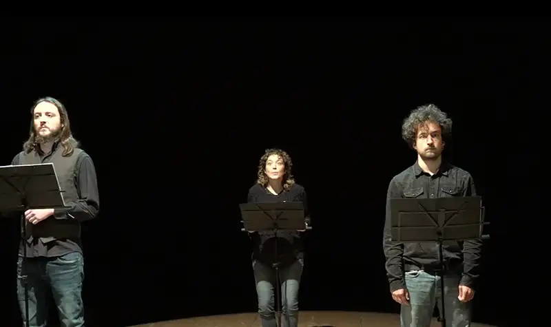 Una messa in scena sobria ed efficace, tre giovani attori si alternano in una scansione ritmica di voci e partitura musicale, portandoci come gli spiriti nel testo di Dickens nella magica notte del Natale quando tutto sembra possibile, in un viaggio tra passato, presente e futuro nelle miserie dell’animo umano, ma anche nelle sue grandi risorse.
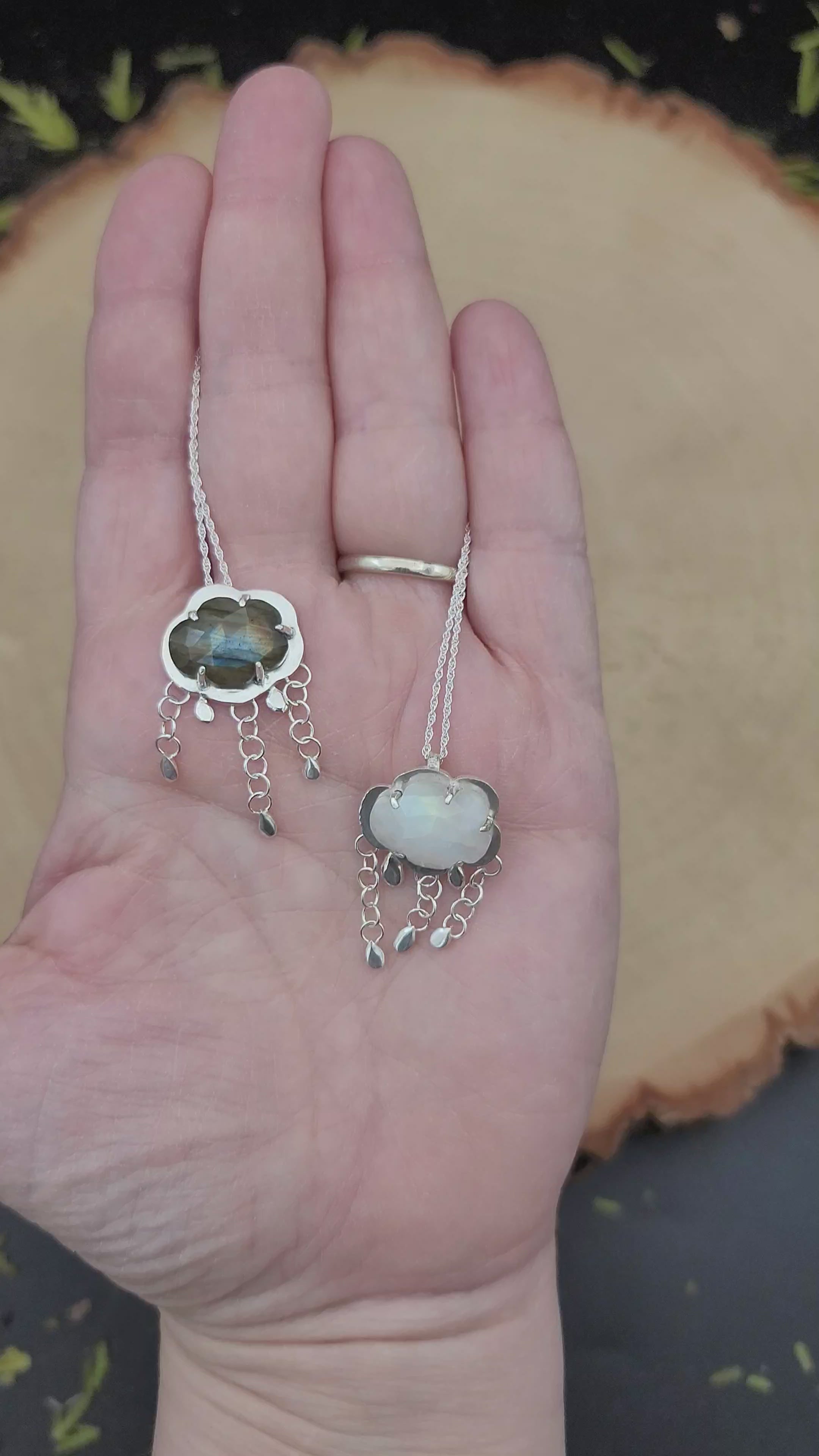 Each one of these little rainclouds will be made for their person. You can choose either a (sad) labradorite stone or a (happy) moonstone for your necklace. Each stone is a tiny bit different because of their hand cut nature. They are all about .75 inches long. Each stone will be backed with sterling silver, prong set, and then given tiny hand carved sterling raindrops below it. All the same style but each with a different stone. The finished pendant will come on an 18 inch long sterling silver necklace chain making it ready to wear when it reaches you.
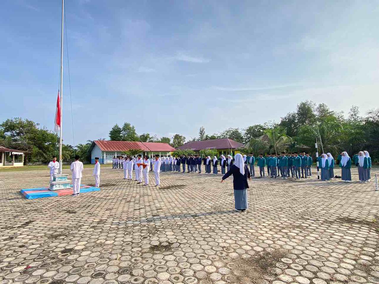 Bertindak sebagai pembina upacara kali ini yaitu Kepala Kepolian Sektor Muara Bulian AKP Dwiyatno, SH., MH yang menyempatkan hadir memberikan amanat dan motivasi yang membangun semangat belajar peserta didik.
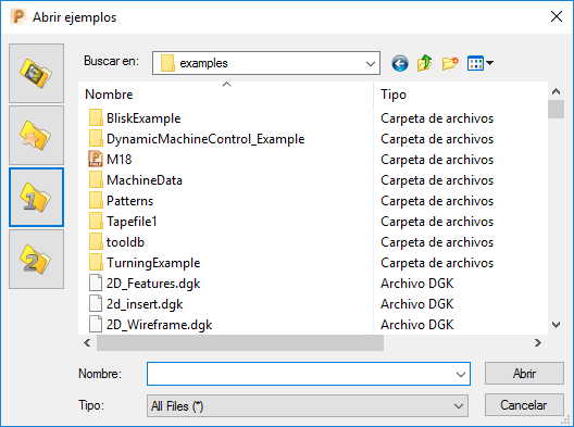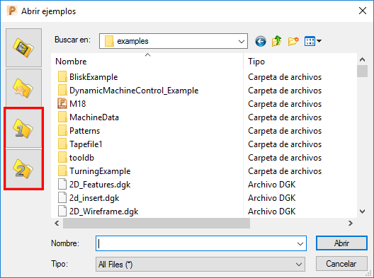 Este ejemplo explica cómo personalizar el botón del directorio definido por el usuario en el cuadro de diálogo de Abrir ejemplos.
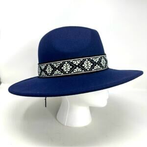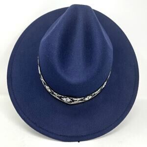 Fadivo Felted Style Fedora Buckaroo Navy Blue Hat - Southwestern Hat Band
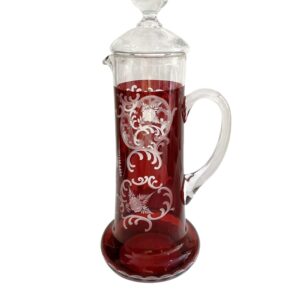 Antik Glas original Egermann böhmisch Glaskrug, Glaskanne mit Deckel Höhe 40 cm breiteste Stelle 17 cm rubin rot geschliffen böhmisches Glas
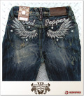 REDPEPPER人気NO.1キッズモデル・天使の羽「BB7026」品番!フロント右ポケットに羽刺繍が施され、バックお尻部分にロゴと天使の羽のラメ入り刺繍が施されています!形も人気のブーツカットタイプで超オススメです♪♪キッズジーンズはウエストのサイド部分がゴム仕様になってて子供に優しい作りです♪♪
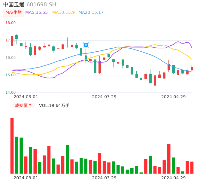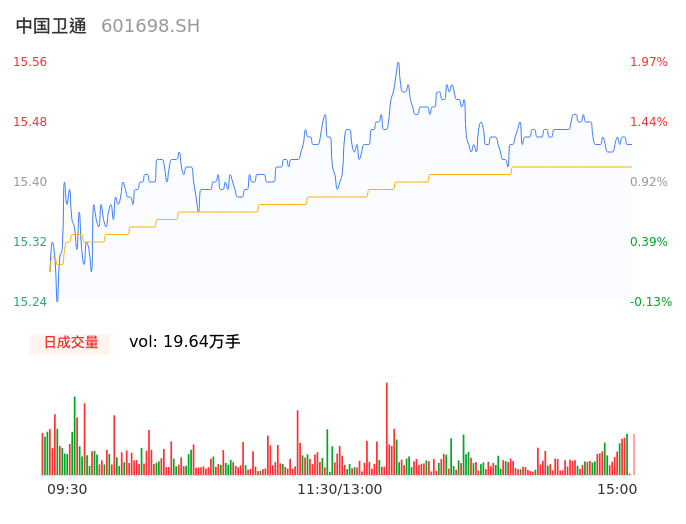 04月29日,中国卫通收报15.45,股价涨幅1.25%,成交金额3.03亿元,换手率0.46%。

[Exercise requirements] The listing above needs to be output again exactly. Don't include the pictures.

[Exercise solution]
 Una messa in scena sobria ed efficace, tre giovani attori si alternano in una scansione ritmica di voci e partitura musicale, portandoci come gli spiriti nel testo di Dickens nella magica notte del Natale quando tutto sembra possibile, in un viaggio tra passato, presente e futuro nelle miserie dell’animo umano, ma anche nelle sue grandi risorse.
 Each one of these little rainclouds will be made for their person. You can choose either a (sad) labradorite stone or a (happy) moonstone for your necklace. Each stone is a tiny bit different because of their hand cut nature. They are all about .75 inches long. Each stone will be backed with sterling silver, prong set, and then given tiny hand carved sterling raindrops below it. All the same style but each with a different stone. The finished pendant will come on an 18 inch long sterling silver necklace chain making it ready to wear when it reaches you.
 Bertindak sebagai pembina upacara kali ini yaitu Kepala Kepolian Sektor Muara Bulian AKP Dwiyatno, SH., MH yang menyempatkan hadir memberikan amanat dan motivasi yang membangun semangat belajar peserta didik.
 Este ejemplo explica cómo personalizar el botón del directorio definido por el usuario en el cuadro de diálogo de Abrir ejemplos.
 Fadivo Felted Style Fedora Buckaroo Navy Blue Hat - Southwestern Hat Band
 Antik Glas original Egermann böhmisch Glaskrug, Glaskanne mit Deckel Höhe 40 cm breiteste Stelle 17 cm rubin rot geschliffen böhmisches Glas
 REDPEPPER人気NO.1キッズモデル・天使の羽「BB7026」品番!フロント右ポケットに羽刺繍が施され、バックお尻部分にロゴと天使の羽のラメ入り刺繍が施されています!形も人気のブーツカットタイプで超オススメです♪♪キッズジーンズはウエストのサイド部分がゴム仕様になってて子供に優しい作りです♪♪
 04月29日,中国卫通收报15.45,股价涨幅1.25%,成交金额3.03亿元,换手率0.46%。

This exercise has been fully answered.